**Exercise details**
Reproduce the lines below exactly. Begin with the first, end with the line containing "建面约213㎡户型:地下会所", and leave out the pictures.

START Supplied entries

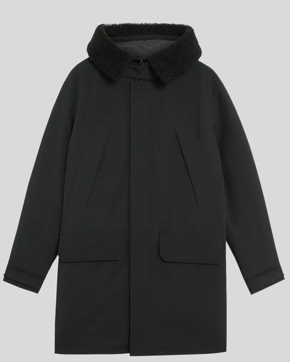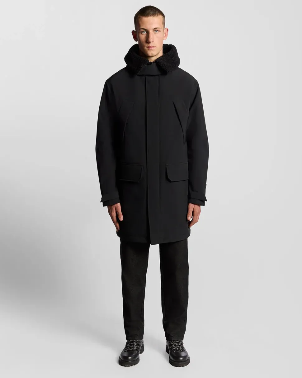 Lämmin Lyle & Scott talviparka keinokarvakauluksella.
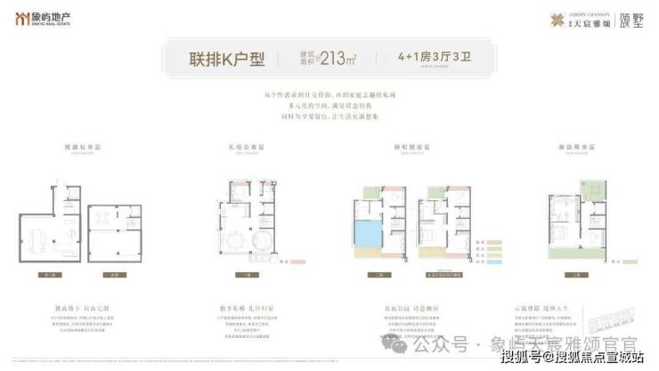 建面约213㎡户型:地下会所:约5.3m双层挑空,幽静大气,藏纳生活的无尽诗意。专梯归家:户内私属电梯,约6.4m挑高,际会层峯排场,共享家族聚会。直面公园:南向阳台直面公园绿境,北向露台,可改造为空中花园。总统套房:顶层主卧套房以「总统套间」礼制精筑,演绎隐奢仪式生活。
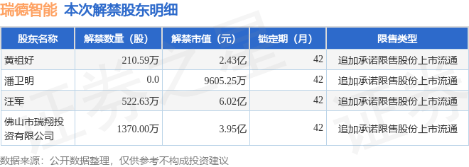 证券之星消息,根据市场公开信息整理,瑞德智能(301135)于10月13日将有2103.22万股限售股份解禁,为公司追加承诺限售股份上市流通,占公司总股本20.63%。(本次数据根据历史公告整理得出,实际情况以上市公司最新公告为准)最近一年内,该股累计解禁613.2万股,占总股本的6.01%。本次解禁后,公司还有2549.12万股限售股份,占总股本25.0%。具体如下图所示:
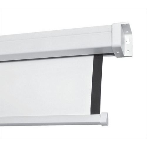 - Ścienny ekran projekcyjny z prostokątną stalową kasetą z końcówkami z tworzywa sztucznego. Z prawej i lewej strony znajdują się zintegrowane uchwyty służące do przymocowania kasety do ściany lub sufitu. Ekrany są wyposażone w zwijanie z automatyczną ze sprężyną powrotną i mechanizmem zatrzymującym co 13 cm. Hamulec wsteczny dla powolnego i kontrolowanego zwijania ekranu.
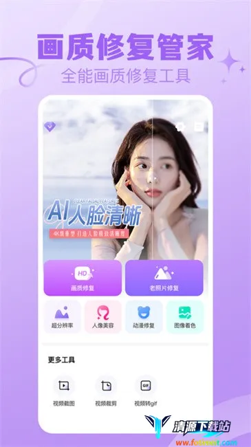 画质修复管家最新手机版是修复照片和视频的理想工具,功能全面,能处理模糊老照片、为黑白图上色、恢复受损画质,还有去水印等功能,操作简单,处理后效果明显提升,满足高标准需求。

END Supplied entries

**Written answer**
 Lämmin Lyle & Scott talviparka keinokarvakauluksella.
 建面约213㎡户型:地下会所:约5.3m双层挑空,幽静大气,藏纳生活的无尽诗意。专梯归家:户内私属电梯,约6.4m挑高,际会层峯排场,共享家族聚会。直面公园:南向阳台直面公园绿境,北向露台,可改造为空中花园。总统套房:顶层主卧套房以「总统套间」礼制精筑,演绎隐奢仪式生活。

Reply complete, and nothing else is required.